私はこのまま召使いと魔導師として、何とか身を立てることができそうですし。今のまま静かに暮らせれば……」

「相変わらず無欲よねえ。まったく。」
ヨーコが呆れて首を振った。
「リーリはわしの巫子じゃ、巫子はわしと共にある。わしは生まれる前から決めていた。」
「巫子って、確か生まれる前に決まって、
家族と離れて神殿に入るって奴?」
「はい、そのようなものですが、私は……」
リリスが言葉を探す。
そして、沈黙して目を逸らした。

「リーリはわしが嫌いなのか?」

「いいえ。ただ、風の神殿はありませんし、もとより私が巫子になることはきっと許されません。そのことは、フェリア様が大きくなられればわかることです。」

「何故じゃ!なんでなれないのじゃ。」

「あちらの世界では、私のこの姿は……その内おわかりになりましょう。」
「わしは、わかりとうない!」
フェリアが目を潤ませ、鼻水をすすりながらパフェをがっつく。
実際いまだアトラーナでは、リリスは魔物扱いされて町に出ても買い出し一つまともに出来ない。
あの旅を無事に終えても、近くの人々からは賞賛の言葉など聞くこともなく何も変わらなかった。
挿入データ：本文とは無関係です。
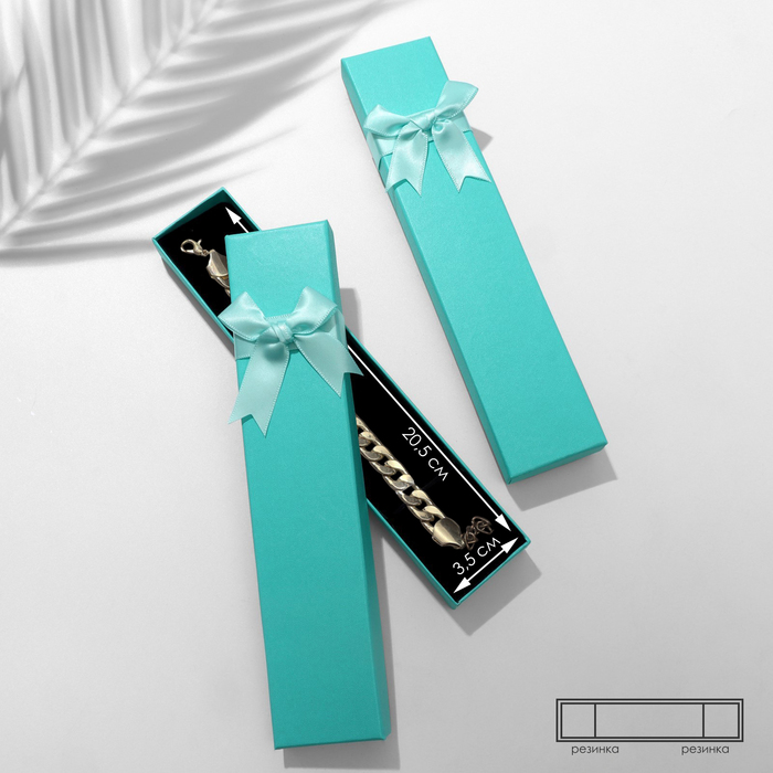 Коробочка подарочная под браслет/цепочку/часы «Бархат», 20.5×4 см, бирюзовая, вставка чёрная

「分からず屋ばかりじゃ、大人の事情など聞きとうもない。」
フェリアが鼻をすすり、綺麗に平らげたパフェの皿を舐めあげ、リリスの飲みかけの紅茶を横から一口飲んだ。

「リーリよ、もう帰ろう。」

「えっ、ちょっと待ってよ。今どこに住んでるの?あたし達旅行でこっちに来てるのよ。」
「良ければ教えてくれない?それほど遠くない所だから河原達にも伝えたいし。」

ここで別れたら二度と会えない。
それはちょっと避けたい気持ち。

「お世話になっておりますのは……10分ほど歩いた場所で、ヴァシュラム様がお住まいの所でございます。」
「えー、あのジジイ?そう言えば用務員やめて見なくなったわよねえ。こんな所にいたんだ。」

ヴァシュラムは、アトラーナでうやまわれる地のドラゴン。しかしこの世界ではアイ達の通う中学の用務員をしていたのだ。

「はい、お仕事が良い方向へ向かわれたことで学校はお辞めになられたのです。」
「ふうん、元気でやってるんだ。ねえ、家に行ったらダメ?」
「それは構いませんが、ヴァシュラム様がいらっしゃるかどうか……」
「いいの、いいの、爺さんいなくても。」
結局、リリスの家へそのまま一緒に行くことになり、4人は席を立ち、喫茶店を出るとヴァシュラムの家を目指して歩き出した。
リリスはずいぶんこちらの世界に慣れた様子で、金銭的にも困った様子はない。
聞くと、母に持たされた金銀などが高値で売れたようで、ひっそり暮らしていると話した。


静かな住宅地に入り、あまり通行人もいない道を進む。
新しい家が多いのは、最近開かれた様子の土地柄だろうか。所々に見える古い家は、元々建っていた物だろう、時代に取り残されたようにひっそりとしている。

「どうぞ、こちらでございます。」

リリスが少しさびた洋風の門を開くと、少女が先に入って家の玄関へと駆け出す。
「へえ、何か洒落た家ねえ。」
アイ達が見上げるヴァシュラムの家は、やや古いながらもしょうしゃな洋館風の一軒家だった。

「リーリよ、誰か来ておるぞ。」

玄関先でフェリアが立ち止まった。
「お仕事のお客様でしょうか。アイ様、ヨーコ様どうぞお入り下さい。今お茶を入れますので。」
二人を先に入れてドアを閉める。
脱いである靴を見ると男二人に女1人。
「ヴァッシュ!帰ったぞ!」
ポイポイと靴を脱ぎ捨て、フェリアはどたどた中へと駆け込んで行く。
「ああ、またはしたないことを……」
ため息混じりでリリスが靴をそろえ、自分のブーツのファスナーを降ろした。
「なかなか趣味いいね、じいさん。」
アイが横にある置物の女性像を撫でる。
「ここは借り物でございます。先にお世話になりました、学校の理事長様の物とお聞きしております。」
「えー、うちの学校の理事長の?じゃあ、最初から知り合いなんだ。」
だから、ツテで学校にいたのかと納得。
すると先に入っていったフェリアが、また血相変えて駆け戻ってきた。

「リーリ!大変じゃ!ヤバイのじゃ!」

「フェリア様、家の中で走ってはいけませんと何度も……」
「ええい!良いから来るのじゃ!」
フェリアにグイグイ引かれて入って行く。
すると居間に、先ほど追ってきた男女ともう一人、20代の美しい金髪に緑の瞳をした男が座っていた。